Application Information
| Metric | Type | Tags | Unit | Description |
|---|---|---|---|---|
webpdf | Gauge | version, version_date, beta | - | Constant metric with webPDF version metadata |
Architecture Overview
webPDF implements a 4-layer monitoring architecture:
The values for Duration and other measurements on this page are examples only.
Layer Duration Overhead What's Measured
─────────────────────────────────────────────────────────────────────────
HTTP (http_server) 50ms 100% Full request cycle
↓ (5ms auth/CORS)
API (api_operation) 45ms 90% 5ms: Auth, CORS, routing
↓ (5ms Jersey)
Service (service_method) 40ms 80% 5ms: Jersey serialization
↓ (5ms queue wait)
Worker Execution 35ms 70% 5ms: Queue wait time
HTTP Transport Layer
Prefix: http_server
Measures: Complete HTTP request lifecycle including network I/O, authentication, CORS, and routing overhead
| Metric | Type | Tags | Unit | Description |
|---|---|---|---|---|
http_server_requests | Timer | endpoint, method, uri, status | seconds | Total HTTP request duration from network arrival to response |
http_server_requests_active | Gauge | endpoint, method, uri | requests | Currently active HTTP requests in processing |
http_server_request_size | DistributionSummary | endpoint, method, uri | bytes | HTTP request body size |
http_server_response_size | DistributionSummary | endpoint, method, uri, status | bytes | HTTP response body size |
http_server_errors_client | Counter | endpoint, method, uri | errors | Client errors (4xx status codes) |
http_server_errors_server | Counter | endpoint, method, uri | errors | Server errors (5xx status codes) |
Example Tags:
endpoint:/rest/converter,/rest/pdfa,/soap/signaturemethod:GET,POST,PUT,DELETEuri:/rest/converter,/rest/pdfa/{id}status:200,400,401,500
REST API Layer
Prefix: api_operation
Measures: Jersey REST endpoint execution including request deserialization, resource method invocation, and response serialization (excludes auth/CORS overhead)

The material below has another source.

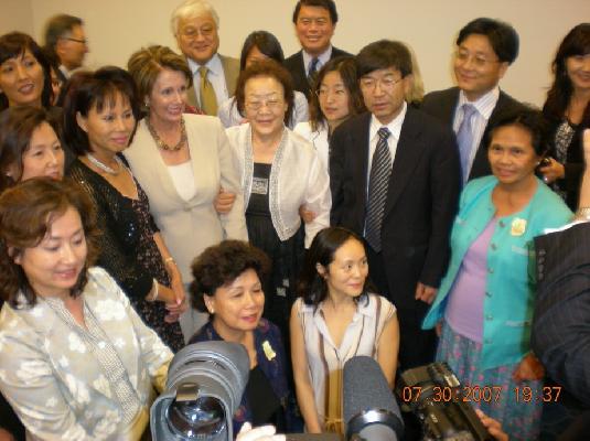 결의안 통과 직후 낸시 펠로시 의장은 우리 대표단 가운데 몇 사람을 의사당 내의 작은 회의실로 초청했다. 혼다 의원이 펠로시 의장에게 그동안 로비활동을 해온 유권자센타의 나와  이용수 할머니를 특별하게 소개해 주었다. 펠로시 의장은 할머니와 나를 감싸 안았고, 이어 악수를 한 뒤 결의안 통과에 대해 우리보다 훨씬 더 기뻐하고 감격스러워 했다. 펠로시 의장은 “이용수 할머니가 미국정치권을 올바른 리더십으로 가도록 하셨다. 정의는 이렇게 이기고, 늘 살아있다. 정의가 이기는 것은 우리 모두의 신념이다. 한인들의 풀뿌리 운동이 이렇게 셀 줄은 정말 몰랐다”고 감동에 가득 찬 표정으로 우리들을 격려했다. 그는 이어 “이제 동김(김동석의 미국식 표현)도 편안한 마음을 가져도 될 것 같다”고 이야기했다.

| Metric | Type | Tags | Unit | Description |
|---|---|---|---|---|
api_operation_duration | Timer | endpoint, operation | seconds | REST endpoint processing time |
Example Tags:
endpoint:ConverterResource,PdfaResource,SignatureResourceoperation:convert,validatePdfa,signDocument
Business Logic Layer
Prefix: service_method
Measures: Execution of business logic (web service operations) including processing time, request count, and errors (excludes Jersey overhead)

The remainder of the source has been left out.